Erling Haaland terminou a partida em Dallas com um sorriso difícil de esconder. Capacete viking na cabeça, celebração com torcida e companheiros e mais um gol decisivo na conta. O atacante foi novamente o protagonista da Noruega na vitória por 2 a 1 sobre a Costa do Marfim, resultado que colocou o país nas oitavas de final da Copa do Mundo de 2026 e garantiu a primeira vitória norueguesa em mata-mata na história do torneio.
Não foi o gol mais bonito da carreira, nem perto disso. Mas talvez tenha sido um dos mais importantes. O lance que definiu a classificação reforçou algo que já virou rotina quando o assunto é Haaland: ele pode passar boa parte do jogo distante das ações principais e, ainda assim, aparecer exatamente quando o time mais precisa.
E olhando para os números que ele construiu pela seleção até aqui, uma pergunta começa a parecer menos absurda do que deveria: até onde Haaland pode chegar?
Haaland transforma números impressionantes em realidade na Copa
Antes desta Copa do Mundo, havia um detalhe curioso na carreira internacional do atacante.
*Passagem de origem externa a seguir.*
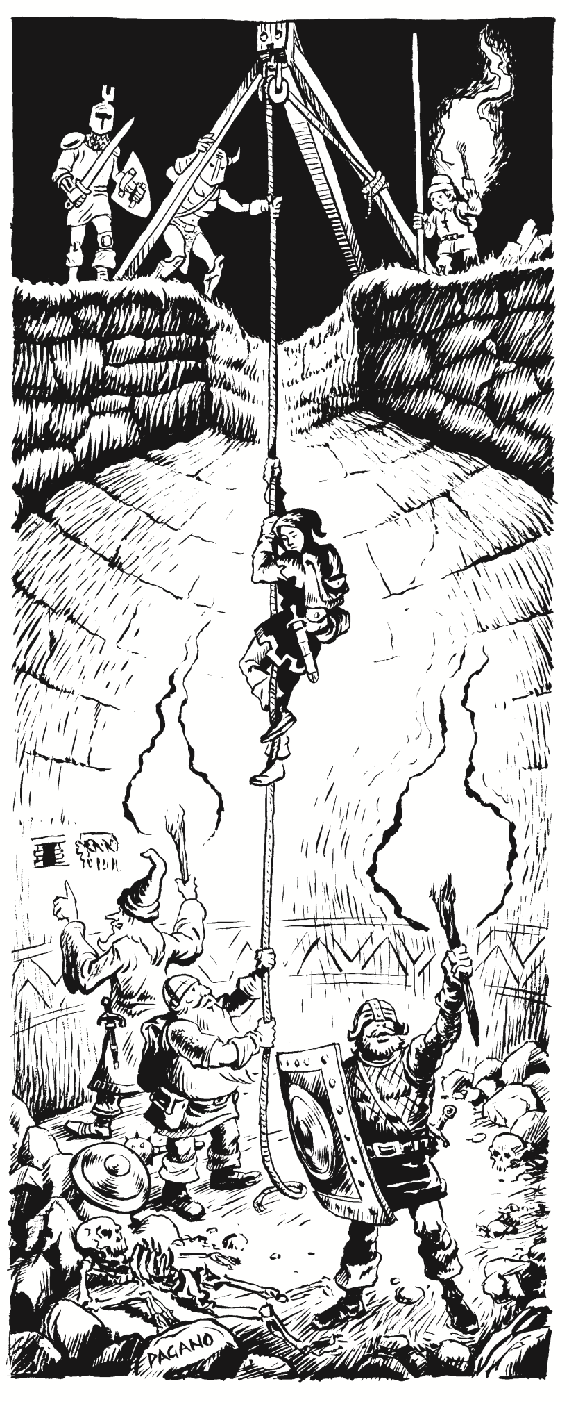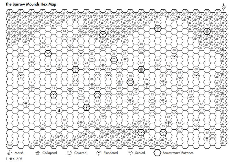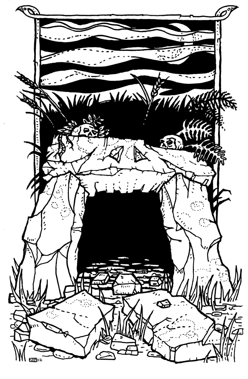 Od obelisku se pak nedá přehlédnout jednu z mohyl, jejíž dveře jsou rozvrácené dokořán a kolem které jsou patrné známky ne zas tak dávné aktivity. Vydali se tedy opatrně nahlédnout, a zjistili, že mohyla je sice zcela vybrakovaná, ale v podlaze, pod provizorním rumpálem, zeje jáma vedoucí do jakýchsi podzemních prostor. Bojovník se nebojácně vydal dolů na průzkum – přečetl si dole varovnou zprávu, že si má dávat pozor na velkého minotaura, a naschvál několikrát nahlas vykřikl, a pak naslouchal. Zaslechl zvuky krys, ale také vzdálené zabučení – po tom už radši mluvil tiše. (Zabučení je ve skutečnosti jeden z proměněnců, dorozumívají se různými zvuky, vybral jsme to celkem bezmyšlenkovitě, jen aby to bylo trochu podezřelé, ale hráči si samozřejmě myslí, že je to minotaur.)

Apesar do volume absurdo de gols pela Noruega, ele nunca havia marcado em um grande torneio. O motivo era simples: a seleção não conseguia se classificar. Durante toda a vida de Haaland, a Noruega ficou fora de Eurocopas e Mundiais.
Mas isso mudou. Na Copa de 2026, o camisa 9 finalmente encontrou o palco que faltava e respondeu imediatamente. São cinco gols em apenas três partidas disputadas até aqui. A marca coloca o norueguês entre os principais artilheiros do torneio e mostra que sua produção não depende apenas de jogos contra seleções menores.
No caminho até aqui, ele marcou duas vezes contra a Itália nas Eliminatórias e ajudou diretamente na classificação para o torneio. Já no Mundial, balançou as redes contra Iraque, Senegal e voltou a decidir diante da Costa do Marfim.
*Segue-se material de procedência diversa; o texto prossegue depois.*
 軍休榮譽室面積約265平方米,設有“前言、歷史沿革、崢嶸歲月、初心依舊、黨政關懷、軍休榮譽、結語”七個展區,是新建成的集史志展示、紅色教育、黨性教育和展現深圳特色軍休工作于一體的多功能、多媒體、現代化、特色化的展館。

Os números de Haaland pela Noruega já desafiam qualquer comparação
Com o gol em Dallas, Haaland chegou aos 60 gols em 53 partidas pela seleção principal. A média impressiona ainda mais quando convertida em tempo de jogo: hoje, ele marca um gol a cada 72 minutos defendendo a Noruega.
Para colocar em perspectiva, vale olhar para quem ocupa o topo da história. O maior artilheiro entre seleções masculinas segue sendo Cristiano Ronaldo, com 145 gols em 231 jogos. Isso representa uma média de um gol a cada 1,59 partida. Haaland tem média superior: um gol a cada 0,88 jogo.
Mantendo esse ritmo, projeções indicam que ele alcançaria os números atuais do português por volta da partida número 128 com a Noruega. Se isso acontecesse, chegaria lá perto dos 32 anos — quase uma década antes da idade atual de Cristiano. Claro que futebol não funciona em linha reta, mas só o fato dessa comparação existir já ajuda a explicar o tamanho do momento vivido pelo atacante.

Nem sempre aparece no jogo, mas quase sempre aparece no placar
Curiosamente, contra a Costa do Marfim, Haaland passou longe de ser o jogador mais participativo. Terminou os 90 minutos com apenas 27 toques na bola, deu dez passes e teve quase metade das ações acontecendo no próprio campo defensivo.
Mesmo assim, decidiu. E esse talvez seja o traço mais difícil de defender no jogo dele. Haaland não precisa dominar partidas, tocar 80 vezes na bola ou produzir lances espetaculares o tempo todo.
Seus gols normalmente nascem de leitura de espaço, posicionamento e timing. Dos 60 gols marcados pela Noruega, apenas seis foram de pênalti. O restante veio de movimentos simples executados no momento certo.
Foi exatamente isso que aconteceu diante dos marfinenses. Enquanto outros jogadores apareciam mais durante o jogo, Haaland esperou. E quando surgiu a chance, resolveu.

A conta que leva Haaland aos 260 gols — e por que ela ainda parece inacreditável
A projeção mais chamativa envolve um cenário extremo. Se a Noruega continuar se classificando para os grandes torneios, disputar cerca de dez partidas internacionais por ano e Haaland mantiver presença constante até os 41 anos, ele poderia alcançar algo próximo dos 260 gols pela seleção.
É uma conta teórica. Existe desgaste físico, lesões, mudanças de geração e oscilações da própria seleção. Mas quando um jogador chega aos 60 gols em apenas 53 jogos, projeções que parecem exageradas começam ao menos a entrar na conversa.

Por enquanto, tudo continua sendo hipótese. Mas uma coisa já parece clara: a Noruega voltou ao mapa do futebol internacional — e boa parte disso passa pelos pés, e pelos gols, do seu principal viking.